What a Saviour is Jesus! How fully worthy is He of our fullest praise! He stooped to us that He might put His hand upon us, degraded though we were, and He has done it tenderly and graciously, so that we are not afraid. There is no terror for us in His hand, we do not shrink from Him. He has touched us with the touch of a man, and bound us with the cords of love. Yet he was never less than God, and God has touched us in Him. He has put one hand upon us and the other is placed upon the throne of God, and He is the one mediator. With the one hand He has offered the fullest satisfaction to the righteous claims of God, and with the other He has bestowed fulness of grace upon us.
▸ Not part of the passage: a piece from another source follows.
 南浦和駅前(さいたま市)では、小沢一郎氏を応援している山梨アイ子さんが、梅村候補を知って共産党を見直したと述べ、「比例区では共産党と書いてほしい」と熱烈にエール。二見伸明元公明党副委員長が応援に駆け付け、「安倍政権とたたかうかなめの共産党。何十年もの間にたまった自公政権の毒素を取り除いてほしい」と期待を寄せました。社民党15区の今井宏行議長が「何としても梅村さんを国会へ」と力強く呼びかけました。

He brings us to God and gives us a place in His presence without fear, and in everlasting peace, a peace established upon the infallible and immovable foundation of divine righteousness, secured for us by a divine person for the eternal glory of God.
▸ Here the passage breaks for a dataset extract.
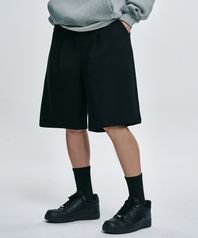 에센셜 원턱 와이드 버뮤다 스웨트 쇼츠 [블랙]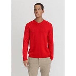 hessnatur Herren V-Pullover Regular aus Bio-Baumwolle mit Bio-Merinowolle - rot - Größe 46

Thus are we justified before God, and all our fear is removed, and we are free to behold the hand that has been placed upon us, and to mark the fact that it is a wounded hand: a hand that was nail-pierced for us when He identified Himself with us, as we stood subject to the judgment of God, that He might save us. We know the power of this hand too: it has smitten death for us and will not relinquish its hold upon us for ever. As He is now a man in heaven, so shall we be there; He the first-born among many brethren, we His associates identified with Him in an everlasting oneness. He will never surrender that true humanity which He has taken up, and as He is, so are they also who are His. The purpose of God is that we should be conformed to His own image. And so we shall be, and yet never shall we forget that He is “over all, God, blessed for ever more.”